Der nachtägliche MQA Prozess verändert eindeutig die originale Signalwellenform. Die MQA Befürworter bewerten dies als Klangverbesserung. Nach Auffassung des Autors ist das Gegenteil der Fall, was auch logisch und technisch gestützt ist. Bei Léo Delibes Blumenduett aus der Oper Lakmé fällt das Klangbild in den mittleren und hohen Frequenzlagen faseriger aus, die Fokussierung der beiden Sängerinnen weniger gut. Dies zeigt sich im Ineinanderfliessen der Stimmen deutlich. Nun, es gibt Leute, die diese Art der Klangabbildung als angenehmer empfinden, was subjektiv OK ist. Nur präziser, wie von MQA behauptet, ist die Darbietung nicht. Die Unterschiede sind allerdings sehr subtil und nur auf einem guten Audio System hörbar.

Vergleicht man den Qobuz Stream mit dem Qobuz Download stellt man fest, dass beide Dateien identisch sind. Die Betonung liegt auf Dateien. Das heisst der Stream wird aufgezeichnet und die Daten digital verglichen, somit ein Vergleich statischer Daten. Klangunterschiede können aber zur Laufzeit entstehen, bei der Digital-Analog-Wandlung und der Signalausgabe, abhängig von der Hardwarequalität. Dies analog zu einer CD, die in unterschiedlichen Geräten gespielt anders klingt.

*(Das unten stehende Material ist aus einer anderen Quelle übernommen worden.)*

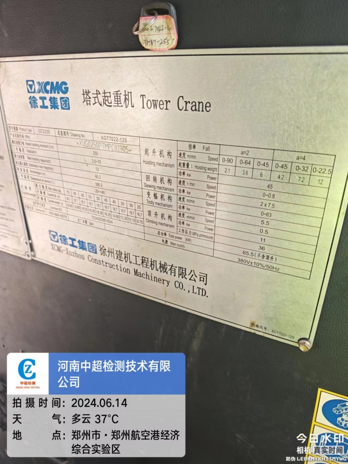 | 工程名称:郑州航空港高铁配套项目2号地块工程总承包(EPC)项目2号塔机 | |
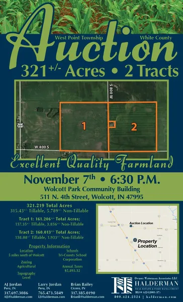 Legal Description: in the SE1/4 of Section 18, a part of the SW1/4 of Section 17, T26N, R5W, West Point Twp, White County, State of Indiana; Parcel #91-65-18-000-000.300-023 & 91-65-17-000-000.400-023
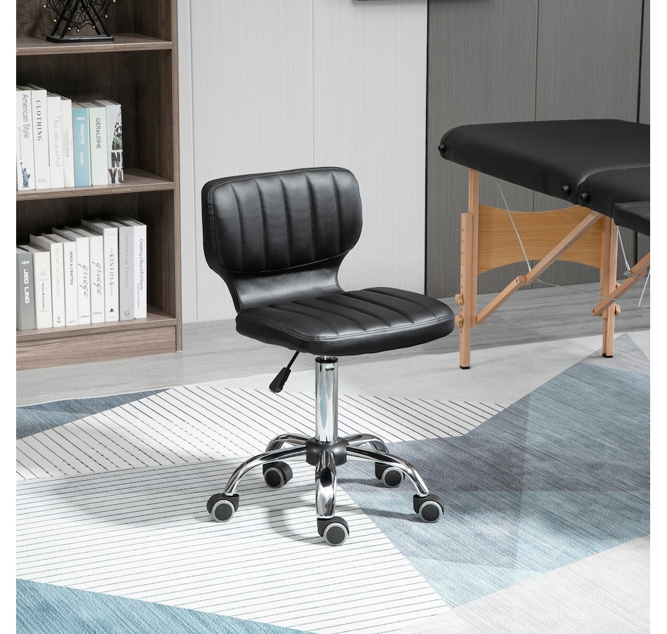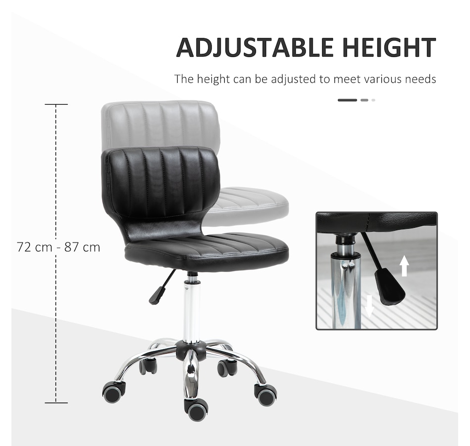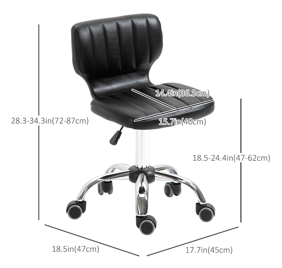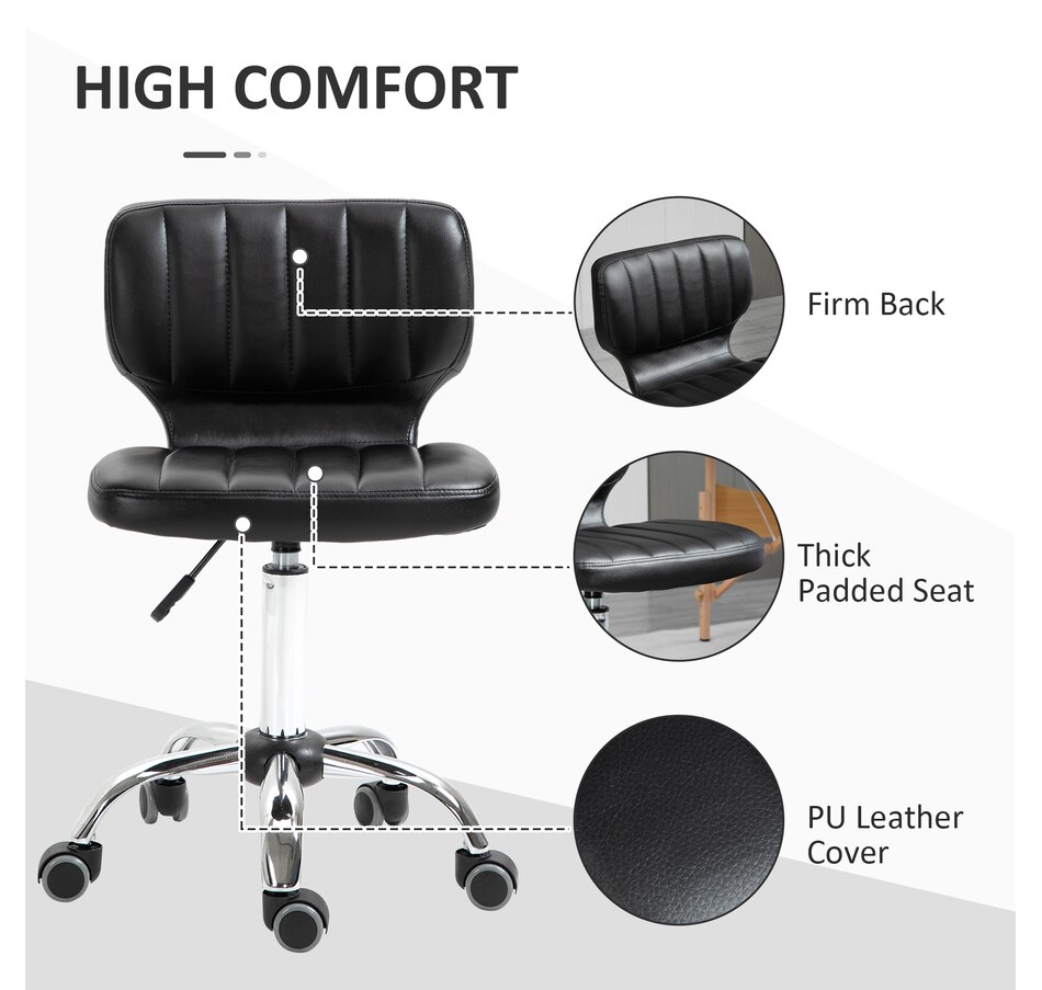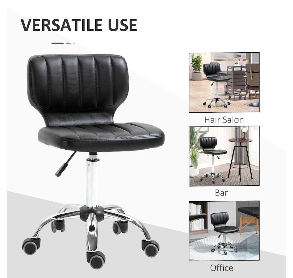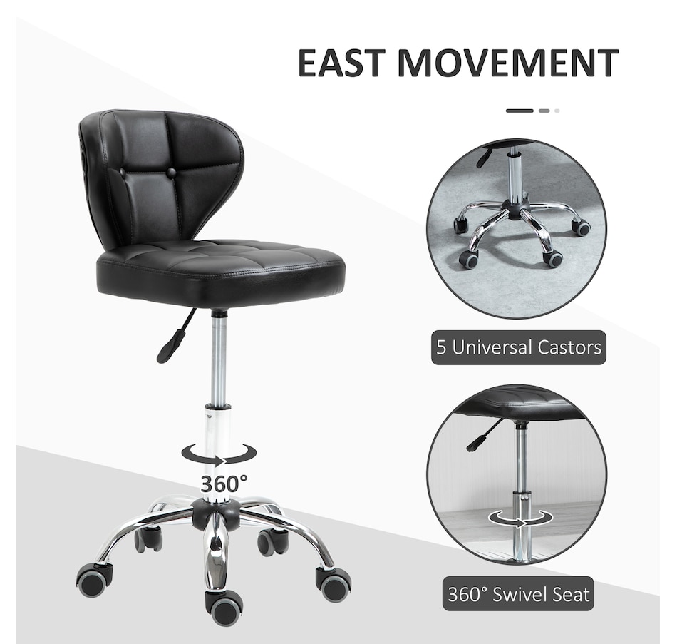 This salon chair from HOMCOM puts you at just the right height, helping to create a good working condition. Firm back and cushioned seat give you the comfort for the longer durations. PU leather cover is easy to maintain. You can adjust the seat height to meet different needs, which is so functional. 5 casters and swivel seat make it easy to slide around the working area. This chic adjustable stool will be a great addition to reception room, bar, beauty shop and more!Features:
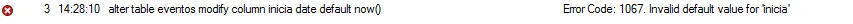 E quando eu tento alterar o valor do campo manualmente para NOW(), eu recebo essa mensagem:

Bild 16: Album «Mirages». Aufnahmesitzung auf YouTube mit Sabine Devieilhe, Marianne Crebassa mit Les Siècles unter François-Xavier Roth. Label : Erato.

Hardware

Eine vergleichbare Klangverschiebung wie bei den Streams ist beim Hardwarevergleich zwischen dem preiswerten Chromecast Audio Modul und dem Rotel T14 Streamer Tuner wahrnehmbar. Die digitalen Datenströme der beiden Geräte wurden mit dem gleichen D/A-Wandler (Classé CP-800II) in die analoge Welt transformiert. Es gab lediglich einen Unterscheid in der digitalen Anbindung, respektive Verkabelung, die beim T14 über SPDIF/Koax ging und beim Chromecast Modul über SPDIF/Optical. In beiden Fällen kamen hochwertige Silent Wire Kabel zum Einsatz. Das rauer klingende Chromecast Modul bekam die Daten über WLAN zugespielt und der T14 kabelgebunden über Ethernet.

Fazit

Die meisten Streaming Dienste arbeiten mit Lautstärke Normalisierung. Dies führt bei Vergleichen zwischen Dienst und der heimischen Sammlung auf CD oder Festplatte zu Klangverschiebungen auf Grund der Pegeldifferenzen. Unterschiedliche Master sind ein weiterer Grund. Zumindest Pegeldifferenzen können mit dem Lautstärkeregler ausgeglichen werden. Beim Spielen ganzer Alben führt die Lautstärke Normalisation zu einem Ausgleich zwischen schnellen, lauten Stücken und leiser getragener Musik. Dies kann die innere künstlerische Struktur (laut/leise Spannungsbogen) eines Albums beeinträchtigen. An diesem Problem wird zurzeit gearbeitet. Abhängig von der App oder der App-Version lässt sich diese deaktivieren. Klangvergleich müssen mit der notwendigen Kenntnis der technischen Stolperfallen geschehen, ansonsten drohen Fehlurteile.